### Data supplied
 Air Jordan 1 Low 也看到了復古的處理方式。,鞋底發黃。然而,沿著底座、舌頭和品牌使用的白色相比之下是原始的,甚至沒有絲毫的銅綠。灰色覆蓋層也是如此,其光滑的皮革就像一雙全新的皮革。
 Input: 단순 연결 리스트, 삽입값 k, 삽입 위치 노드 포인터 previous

--

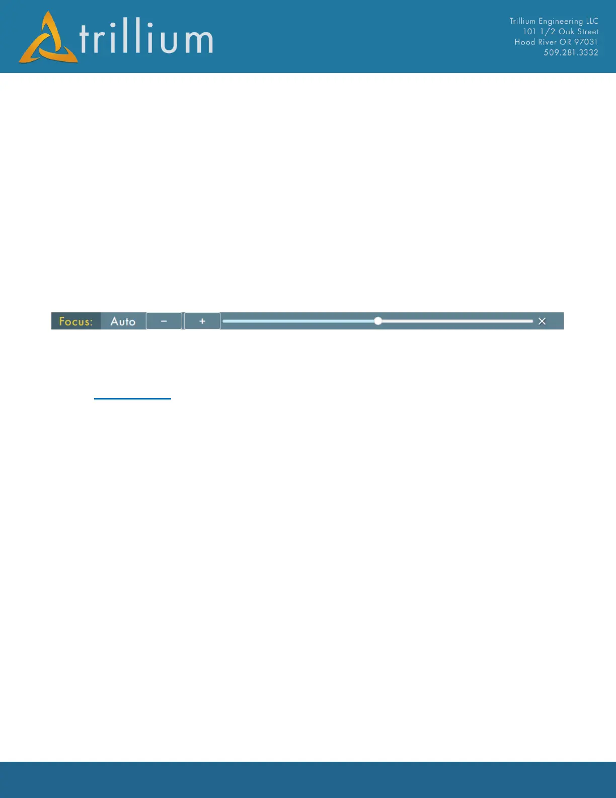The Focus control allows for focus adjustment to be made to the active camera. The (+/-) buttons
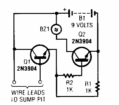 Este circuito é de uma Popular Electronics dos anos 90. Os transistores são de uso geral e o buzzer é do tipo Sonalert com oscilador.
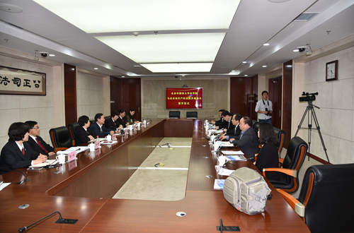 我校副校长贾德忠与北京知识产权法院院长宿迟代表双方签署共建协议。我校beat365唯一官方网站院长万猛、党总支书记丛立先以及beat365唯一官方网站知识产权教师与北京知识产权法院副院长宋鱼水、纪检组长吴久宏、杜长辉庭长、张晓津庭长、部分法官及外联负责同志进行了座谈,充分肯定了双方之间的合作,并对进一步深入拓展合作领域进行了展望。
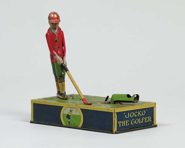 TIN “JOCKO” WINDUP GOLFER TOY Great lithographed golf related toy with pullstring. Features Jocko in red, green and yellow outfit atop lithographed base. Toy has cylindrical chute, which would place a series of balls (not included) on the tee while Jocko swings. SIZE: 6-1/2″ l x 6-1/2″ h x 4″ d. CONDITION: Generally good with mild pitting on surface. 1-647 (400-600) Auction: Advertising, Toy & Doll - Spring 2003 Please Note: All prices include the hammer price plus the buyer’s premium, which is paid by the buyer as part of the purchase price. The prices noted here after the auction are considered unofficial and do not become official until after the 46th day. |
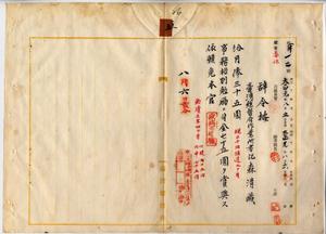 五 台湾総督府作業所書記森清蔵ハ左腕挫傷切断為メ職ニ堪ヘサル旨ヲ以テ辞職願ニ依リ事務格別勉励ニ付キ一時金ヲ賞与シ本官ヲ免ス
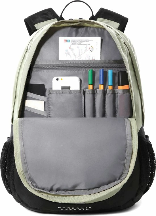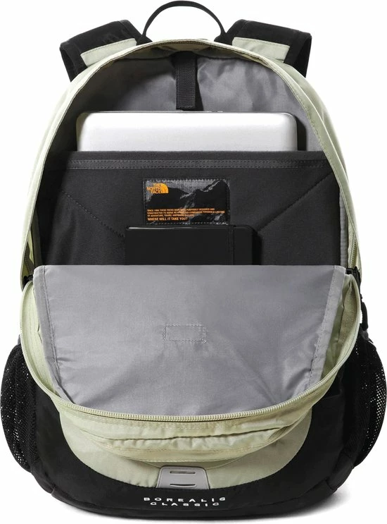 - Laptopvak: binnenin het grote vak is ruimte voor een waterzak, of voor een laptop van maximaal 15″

### Activity
Starting at the line above that contains "Air Jordan 1", write out each line exactly until the line that contains "Input: 단순 연결" has been written, and stop there.

### Exercise output
 Air Jordan 1 Low 也看到了復古的處理方式。,鞋底發黃。然而,沿著底座、舌頭和品牌使用的白色相比之下是原始的,甚至沒有絲毫的銅綠。灰色覆蓋層也是如此,其光滑的皮革就像一雙全新的皮革。
 Input: 단순 연결 리스트, 삽입값 k, 삽입 위치 노드 포인터 previous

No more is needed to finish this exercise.